10 декабря, 17 ч. 10 мин. Учебный центр Школы Верного Пути близ города Фэй
Нахохлившаяся канарейка взмахнула крыльями, столкнулась с ребристым куполом клетки, и, встретив на пути непреодолимое препятствие, вернулась на свою жёрдочку, всем своим видом выражая крайнее недовольство. Наставник Чао Ши Субеде открыл крохотную дверцу и с трудом просунул туда руку. Канарейка в панике прижалась к прутьям, норовя клюнуть дай-вана в палец.
– Вот так неразумная тварь стремится к свободе, но отталкивает руку того, кто хочет ей эту свободу дать. – Субеде обвёл взглядом цзяо, расположившихся полукругом на простых циновках. Учитель говорил – ученики внимали, как им и надлежало. – А теперь подумайте и решите, что я сейчас делал неправильно и как мне надлежало поступить, чтобы не наткнуться на чёрную неблагодарность.
Ответом было сосредоточенное молчание. Семь пар глаз, в которых затаились терпение и пытливость, уставились на его руки, но никто не пожелал высказаться первым, кто-то – боясь не угодить достойному дай-вану, другие – просто не найдя в зеркале собственной души ответа, который казался им верным, третьи – полагая, что язык должен следовать за разумом, а не наоборот.
Цзян Синь, юная, стройная, лёгкая, как тростинка, смотрела на легендарного наставника широко распахнутыми полными трепетного ожидания глазами. Она была здесь моложе всех и знала, что от неё никто и не ждёт ответа, а если она попытается опередить старших, это может быть расценено как непростительная дерзость.

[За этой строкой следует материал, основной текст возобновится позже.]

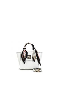 Sac bowling rigide en matériau à effet ondulé poignée en chaîne avec foulard en fil fantaisie entre les maillons de la chaîne plaquette carrée personnalisée. bandoulière supplémentaire amovible.

Чжоу Хун, бывший сотник хунбаторов, ещё недавно командовавший танковой ротой, казалось, обратился в камень, и ни один мускул не дрогнул на его лице, половина которого была покрыта рытвинами старого ожога. Он вообще считал всяческое любомудрие уделом чиновников и флейтистов, но никак не солдат.

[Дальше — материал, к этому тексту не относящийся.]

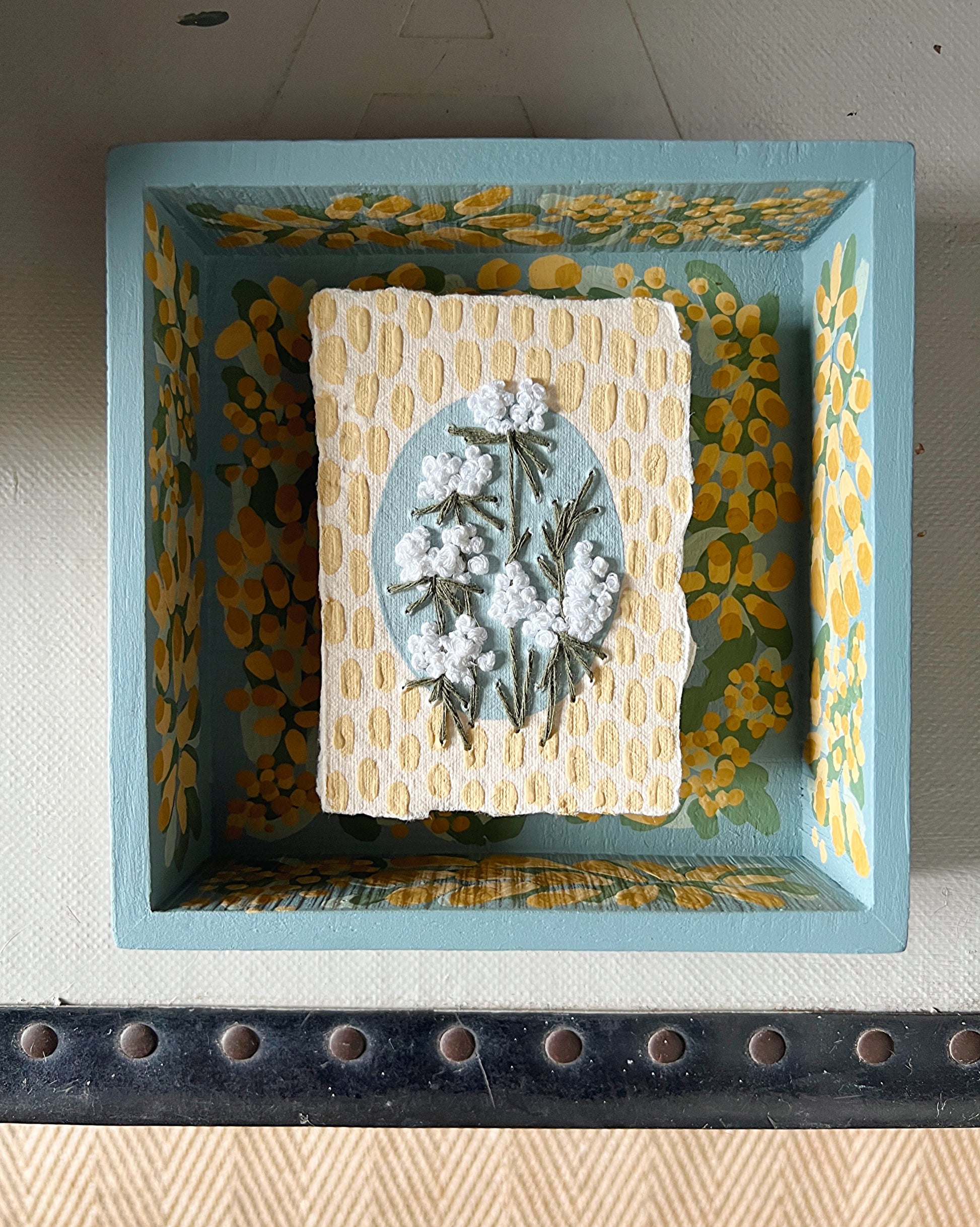Handmade paper in a beautiful pale yellow and has been painted with Farrow and Balls - "Oval Room Blue" & shades of "India Yellow" then embroidered with Japanese silk thread in white then finished with forest green cotton.

Лао Дун, в недавнем прошлом старший писарь канцелярии верховного наместника провинции Фэй, знал массу ответов на этот простой вопрос, но, как и полагалось человеку учёному, умудрённому книжным знанием и житейским опытом, не мог выбрать из них наиболее близкого к совершенству.
Чань Хэ, молодая вдова тёмника ВДВ, мать троих детей (все – мальчики, на зависть соседям), просто тихо радовалась тому, что перед её глазами стоит великий человек, близкий к Солнцу Поднебесной. Она ответила бы на этот, как ей казалось, не слишком трудный вопрос, но никак не могла понять, зачем этой глупой пичуге может понадобиться какая-то свобода, когда рядом с ней находится сам дай-ван.
Ван Бун, школьный учитель, автор нашумевшей статьи «Благочестивое почитание Государя – основа миросозерцания», удостоенной Высочайшего одобрения, тужился изо всех сил, стараясь составить благозвучный ряд простых, ясных и глубоких слов: «Свобода есть осознанная необходимость, но должно иметь достаточно разума и воли, чтобы эту необходимость осознать…» Вся беда была в том, что после каждой попытки он уличал самого себя в плагиате.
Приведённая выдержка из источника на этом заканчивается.